Welcome to The Experiment, where we are “Baby, It's Cold Outside” originalists. But Christmas is so yesterday. We’ve got a week left to take advantage of the End of the World sales. Have you made a plan for the apocalypse yet?
This week is an especially immediate newsletter with a firm grasp of the moment. Sarah E. Moss, making her debut in The Experiment, maps the intersection of time and music in “It’s Rock and ‘Rona Time.” David McLemore returns to offer a new year’s resolution based on the last piece of advice he got from his late wife in “Look for Patterns.” Rachel Megan Barker checks in from Great Britain with a conventional new year’s resolution — with a twist — in “Sleep.” And Sonia Van Meter is finding the perfect metaphor for 2020 in her latest recap of Star Trek: Discovery in “‘You can’t just live in doorways.’”
And as always, we remember who we lost and offer recommendations on what to do (making recipes left behind by COVID victims), read (Robert Draper’s book on the Iraq War), watch (Ethan Hawke in “The Good Lord Bird”), and listen to (Benny Sings).
But first, did I ever tell you my secret for keeping new year’s resolutions?
Let’s talk about my secret for keeping new year’s resolutions. People who tell you it’s about creating habits rather than achieving goals… I mean, if that worked, Americans would be a skinny, well-read bunch of moderate drinkers who never smoke. Meanwhile, here on Earth people run into brick walls with their eyes closed every January and wonder why they wake up in February with scrapes all over their face. The secret to keeping new year’s resolutions, I’ve found, is making the right ones. Let me share the resolutions I made — and kept — in 2020 to show you how it’s done.

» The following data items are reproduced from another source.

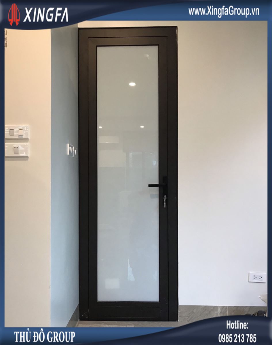 Hình ảnh cửa đi mở quay 1 cánh nhôm Xingfa + kính mầu trắng sữa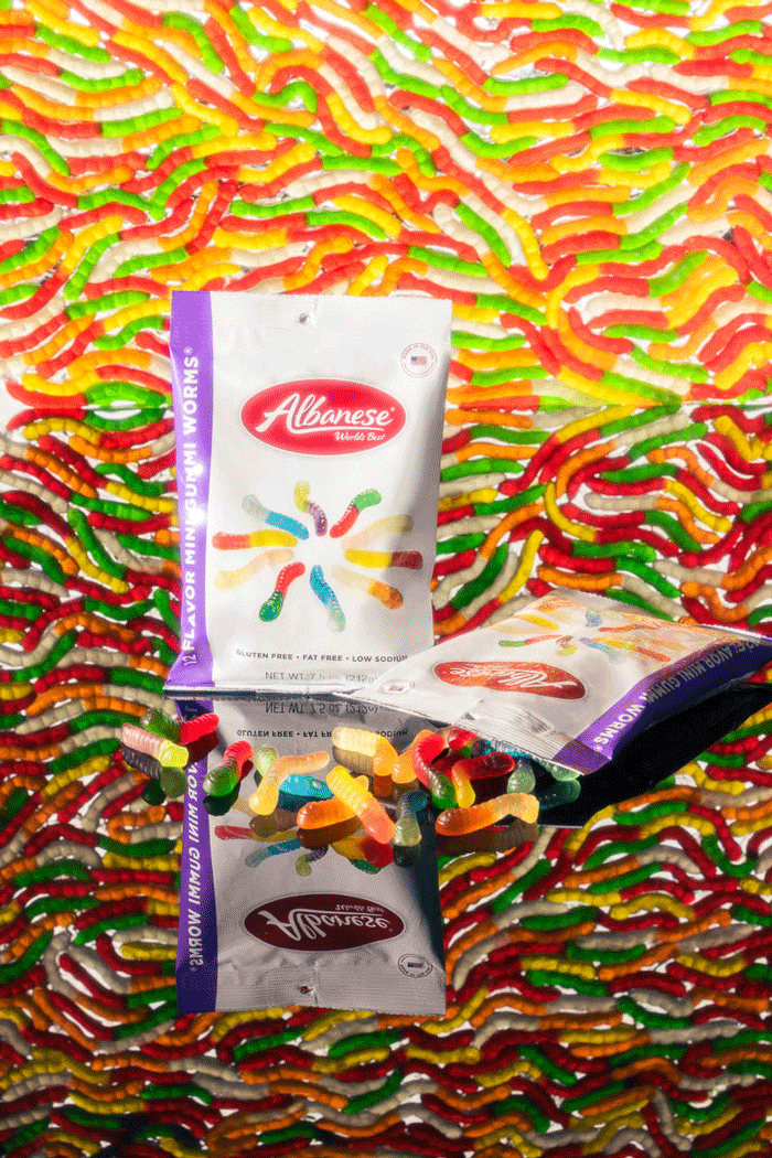 Colorful gummy worms scattered in front of a packet of Albanese gummy worms, with many gummy worms spilling out of the packet and reflecting on a shiny surface. The background is multicolored with more gummy worms.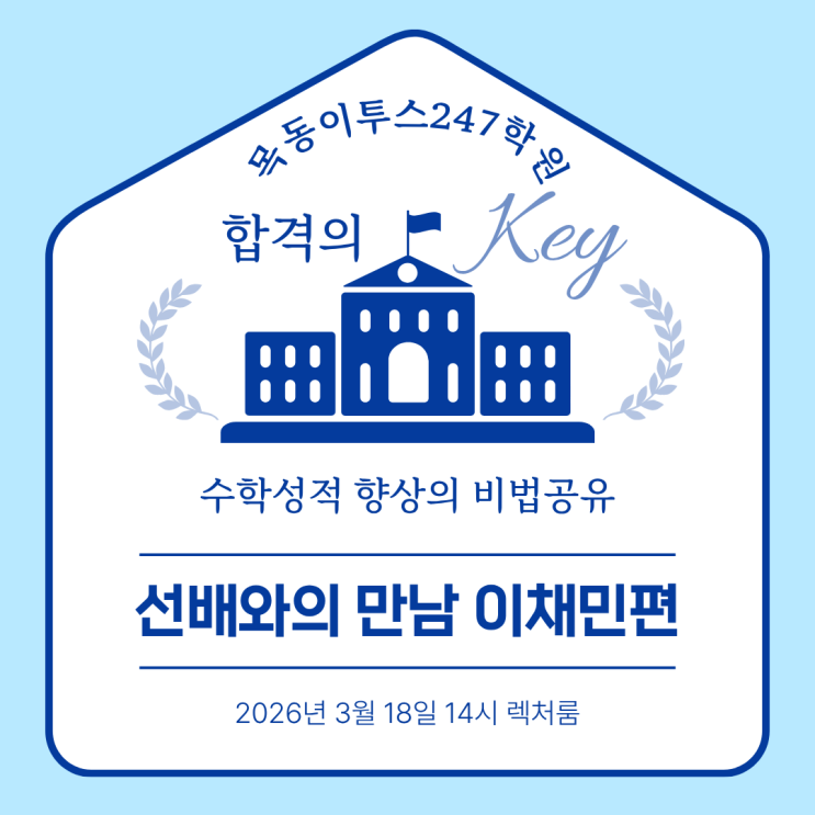 #목동이투스 #이투스247 #독학재수 #목동독학재수 #수능수학 #이투스 #스터디카페 #정승제장학금 #정승제위너스클럽 #이투스인강 #목동이투스247 #목동독학재수학원 목동이투스247학원, 수학 성적 향상의 비결을 만나다! 안녕하세요 목동이투스247학원에서 특별한 학습 이벤트가 진행되었습니다! 바로 2026년 3월 18일 오후 2시, 목동이투스247학원 렉처룸에서 열린 수학 성적을 크게 향상시킨 이채민 졸업생 간담회입니다. 이번 간담회는 단순한 경험담 공유를 넘어, 실제 성적 상승을 이뤄낸 선배의 생생한 공부법과 전략을 직접 들을 수 있는 뜻깊은 자리였습니다. 이채민 졸업생의 놀라운 성과 이번 간담회의 주인공인 이채민 졸업생은 단순....... <img src="https://blogthumb.pstatic.net/MjAyNjAzMThfMzcg/MDAxNzczODI5NDEzNjM2.48ZFqObaYgduYV6uyJq46PMAHM70y3xIkzhy2oT4OHMg.EvTYr7fsaPv9cprGSJHpqLouzmV6Ql-MF3x7iiPkXCkg.PNG/%C0%CC%C3%A4%B9%CE%BC%B3%B8%ED%C8%B8.png?type=s3" />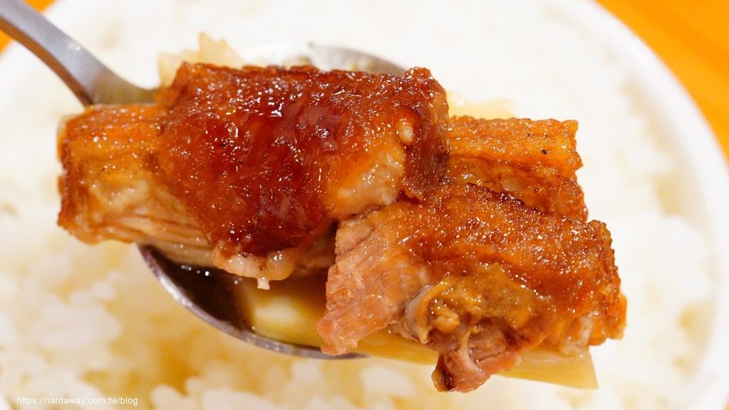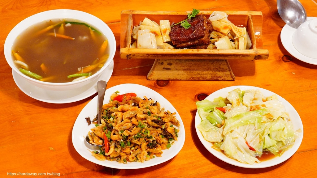 這三菜一湯中,我個人最喜歡桂筍東坡肉,因為東坡肉的肥肉外皮吃起來帶點酥脆感,而瘦肉部分則帶有嚼感,並且有蠻多肉汁的,搭配切大塊,然後口感爽脆中帶點舒服酸味的桂竹筍,真的是蠻下飯的一道菜。

I resolve to maintain my decades-long unbroken streak of not going to a discotech in Cleveland in February with any member of the Bush family.
I resolve not to root for the New York Yankees, which is much easier than it may appear.
For that matter I resolve not to play for the New York Yankees.
I resolve not to vote for Donald Trump. Done! Many times, in fact, early and often.
I will not drop it like it’s hot unless it actually is hot.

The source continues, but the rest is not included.